イルマスにとって残酷ではあるが一番正しい判断だ。
奴が受けることでまだ呪いの影響を受けたことがない他の連中がどうなるのかわからないという不安要因が取り除かれたのだから。
奴のお陰でこれで呪いを警戒することでのミスは大きく減る。
俺たちは奴が相手をしている間に、後の二人を打倒することを考えればいいだけだ。
「時間をかけずにたたみ込むぞ」
俺が発破をかけるとエナーと自称している魔族の少女が踏み込み、それと同時に俺も矢に手を伸ばした。

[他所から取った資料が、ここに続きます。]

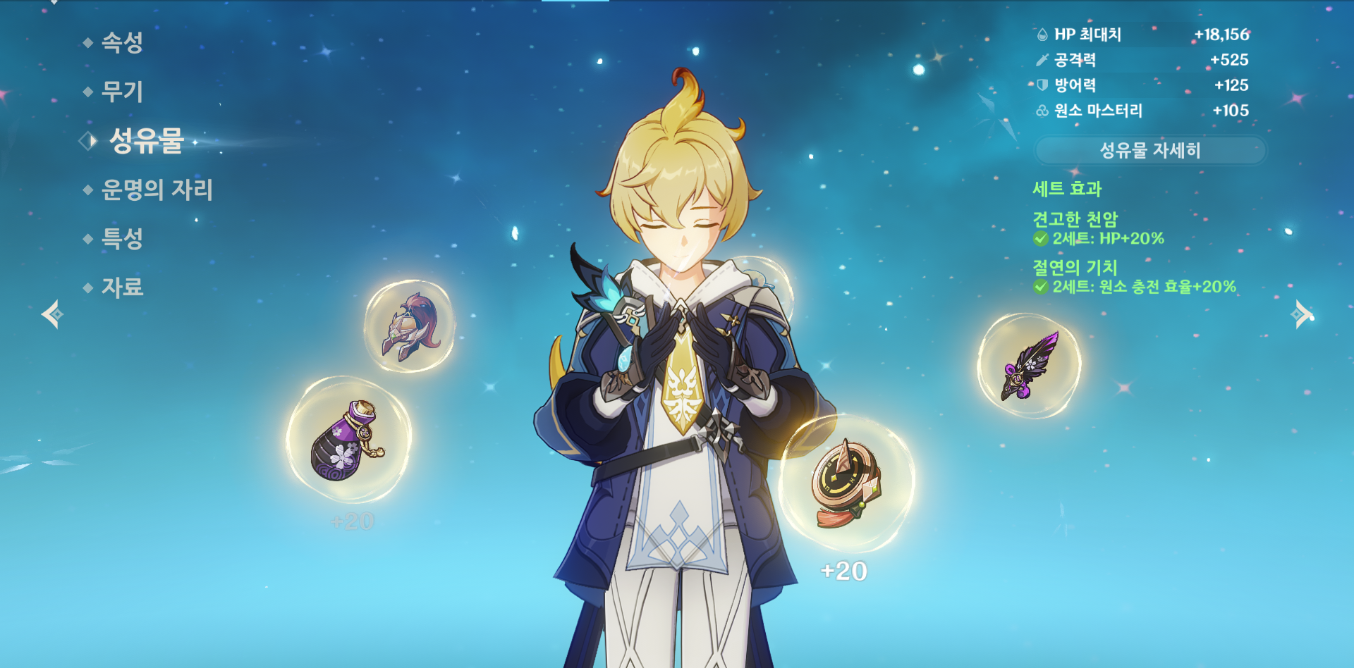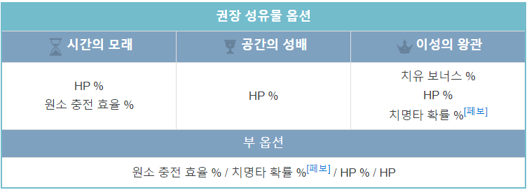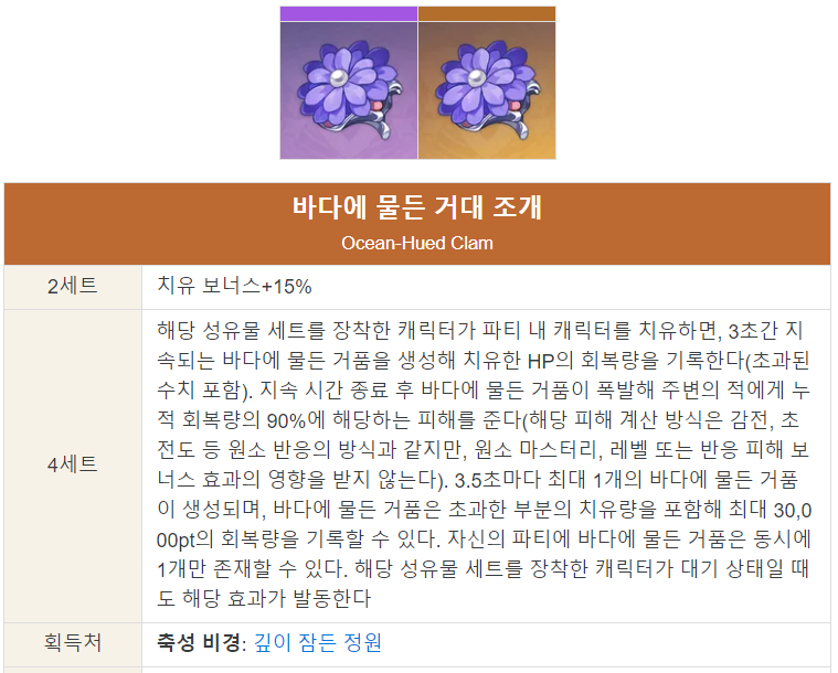 미카의 파티 지원을 최대 효율로 제공할 수 있는 성유물 세트.

迫ってくる一度エナーに照準を取ってから照準をずらし、背後にいる杖の魔族に照準を合わせる。
近接職よりも遠距離攻撃ができる後衛の方を潰すのが先決だ。
迷わずに矢を放つと、矢は槌の魔族の頬をかすめて杖の魔族に当たった。
だが矢は着弾すると何かに弾かれたように折れる。
よく見ると奴の周りの景色が屈折していることに気づいた。
どうやら魔法で障壁を貼っているようだ。
こちら側にはない魔法だ。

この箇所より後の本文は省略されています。